Norma Schwartz doesn’t have the heart to tell her two kids, Max, 9, and Izabella, 11, that they will not be going back to school this fall … well, not right away, at least.
“I anticipate it to be a hard conversation,” she said. “Because we went from, ‘OK, we just have to get through these couple weeks’ to them being so excited to go back, but we don’t anticipate them going back to the classroom until October.”
Starting August 31, her two kids will resume distance learning. But they don’t know it yet. She plans to tell them soon, though, as the school year draws closer.
Schwartz and her family live in Florida’s Miami-Dade County, where nearly 120,000 people have tested positive for the coronavirus and the state’s largest teachers’ union sued the governor and education commissioner over plans to send students back to school in the middle of a pandemic.
“It’s been a little stressful to see what will happen in the fall,” said Schwartz. “But at the same time, I never knew things would get so bad in community. It’s been scary for us.”
Search for normalcy
Like most parents, Schwartz spent the majority of the last few months keeping herself abreast of all the latest developments in her school district, the few that there were, while also trying to give her children a somewhat normal summer break.

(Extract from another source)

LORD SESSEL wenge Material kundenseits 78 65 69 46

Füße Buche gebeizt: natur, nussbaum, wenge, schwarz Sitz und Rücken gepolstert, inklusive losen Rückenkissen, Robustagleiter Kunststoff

The family decided to “sit this one out” and stay in Miami for the summer — no road trips, no play dates, no summer camp. Her oldest, however, is participating in a virtual summer camp, where she’s sent a box of activities to do with other kids located all over the country via Zoom. Movie nights also became a frequent thing. Schwartz screens various documentaries on topical issues to teach her kids what’s going on culturally. They did find a way to “sneak around” Miami while still being safe: The whole family would wake up at 6 a.m. and head to the beach and spend an hour swimming and playing in the ocean before it got too crowded.
“As soon as we saw someone else, we would hoof it back home,” she said.
Some parents in her circle brought up the idea of creating “pandemic pods” — a group of kids that would only see and socialize with each other, no one else. At first, she thought this was a good idea: Her children frequently talked about how much they miss their friends. But Schwartz said she quickly opted out of the pod conversation as the news about the coronavirus got continually worse.
“Things just started escalating in the community, and no one wanted to be that one family that got everyone sick because we couldn’t keep to ourselves,” she said.
More challenges ahead
For Schwartz, it didn’t matter whether or not Miami-Dade reopened classrooms or continued on with online learning only: She wasn’t going to send her kids back anyway, especially with COVID-19 cases she described as “sky-high.”
“If the conditions are the same as they’ve been, I am not sending them,” she said. “I need the assurance that everyone is speaking the same language.”
“If the conditions are the same as they’ve been, I am not sending them.”
As it stands now, Miami-Dade County Public Schools will be online only at first. The school district will decide on September 30 whether or not kids will be phased into classrooms starting in October based on need. Schwartz said the school district also came out with new software for distance learning to provide some cohesion between coursework. This is in contrast to this past spring, when Schwartz opted her kids out of participating in their electives due to the sheer amount of time they were spending staring at screens.
Another semester of distance learning may prove challenging, just like it did when it was sprung on her in March, but Schwartz said right now she doesn’t think about it as much: Back to school hardly weighs as heavy on her mind as the current state of public health in her county. Schwartz said she would feel much more comfortable sending her children back to school if coronavirus testing in Florida was more efficient.
“If testing was something I could access, as a parent, for my children, I wouldn’t worry,” she said. “But I think we will be successful getting through this as long as our mental health stays intact. They may lose the academic muscle, but they also learned a lot of other things by being at home. These will be interesting kids when they come out of this.”